* Exercise description
Nothing but a number is needed: the count of lines below that include "they".

* Excerpted records
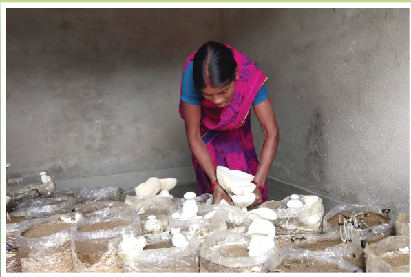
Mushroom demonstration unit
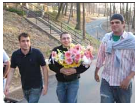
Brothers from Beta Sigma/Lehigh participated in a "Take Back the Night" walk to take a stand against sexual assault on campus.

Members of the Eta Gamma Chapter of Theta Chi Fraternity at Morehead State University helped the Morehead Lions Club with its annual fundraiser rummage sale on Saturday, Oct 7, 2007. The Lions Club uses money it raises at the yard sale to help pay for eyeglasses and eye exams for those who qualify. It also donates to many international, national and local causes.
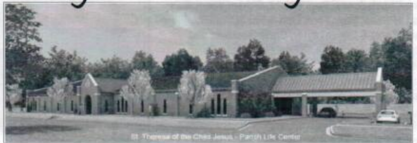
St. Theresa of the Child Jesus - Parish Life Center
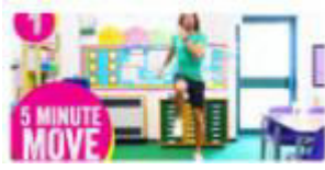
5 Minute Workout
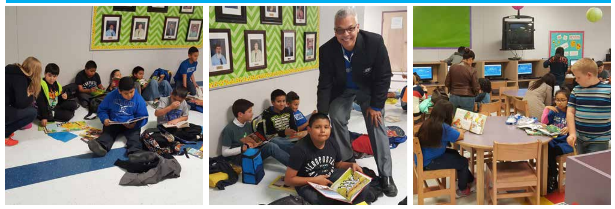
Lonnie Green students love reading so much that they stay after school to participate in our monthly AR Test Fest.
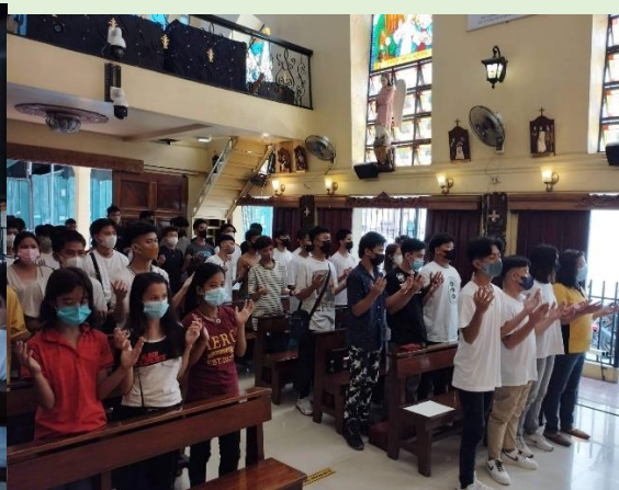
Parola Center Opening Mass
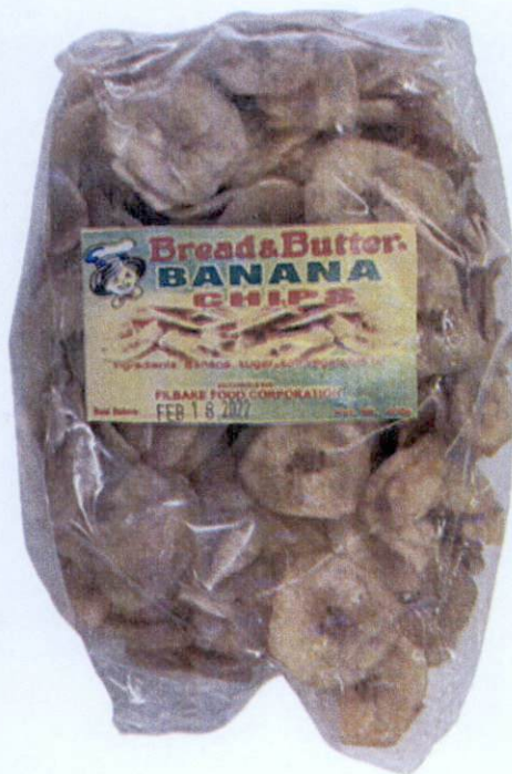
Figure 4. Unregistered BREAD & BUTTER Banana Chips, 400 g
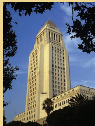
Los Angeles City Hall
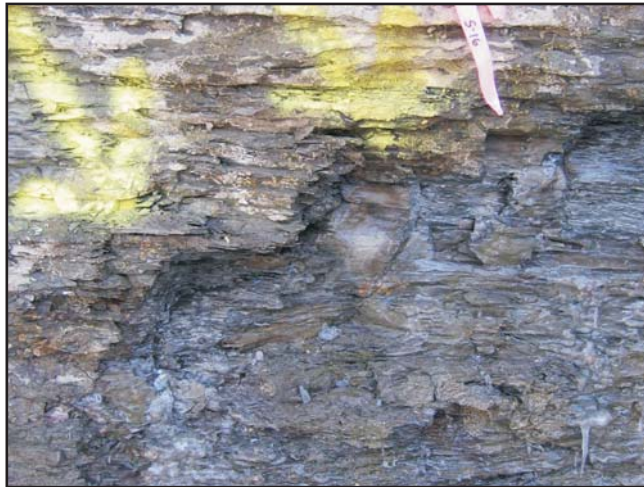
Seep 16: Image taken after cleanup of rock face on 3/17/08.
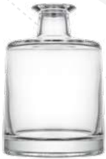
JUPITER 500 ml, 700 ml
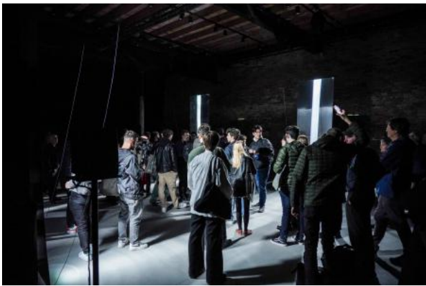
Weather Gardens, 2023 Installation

---

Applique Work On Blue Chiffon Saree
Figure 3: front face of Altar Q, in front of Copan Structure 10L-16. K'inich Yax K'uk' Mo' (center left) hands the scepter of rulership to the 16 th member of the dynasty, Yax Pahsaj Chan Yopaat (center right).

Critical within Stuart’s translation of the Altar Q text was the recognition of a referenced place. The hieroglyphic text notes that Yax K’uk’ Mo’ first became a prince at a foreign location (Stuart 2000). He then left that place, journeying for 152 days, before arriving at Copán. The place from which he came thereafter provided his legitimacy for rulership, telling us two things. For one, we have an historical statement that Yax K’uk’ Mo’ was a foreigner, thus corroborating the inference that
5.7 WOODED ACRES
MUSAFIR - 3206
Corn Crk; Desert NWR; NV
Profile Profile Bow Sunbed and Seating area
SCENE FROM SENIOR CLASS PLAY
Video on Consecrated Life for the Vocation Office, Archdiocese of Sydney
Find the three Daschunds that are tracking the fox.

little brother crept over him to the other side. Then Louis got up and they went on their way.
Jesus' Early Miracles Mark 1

--

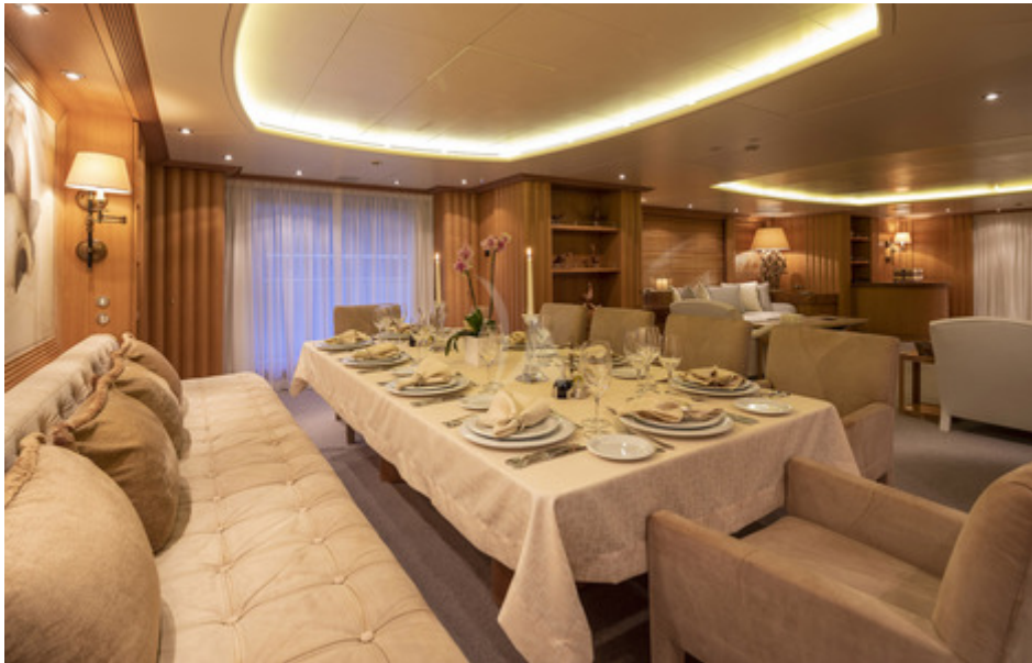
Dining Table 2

* Answer space
2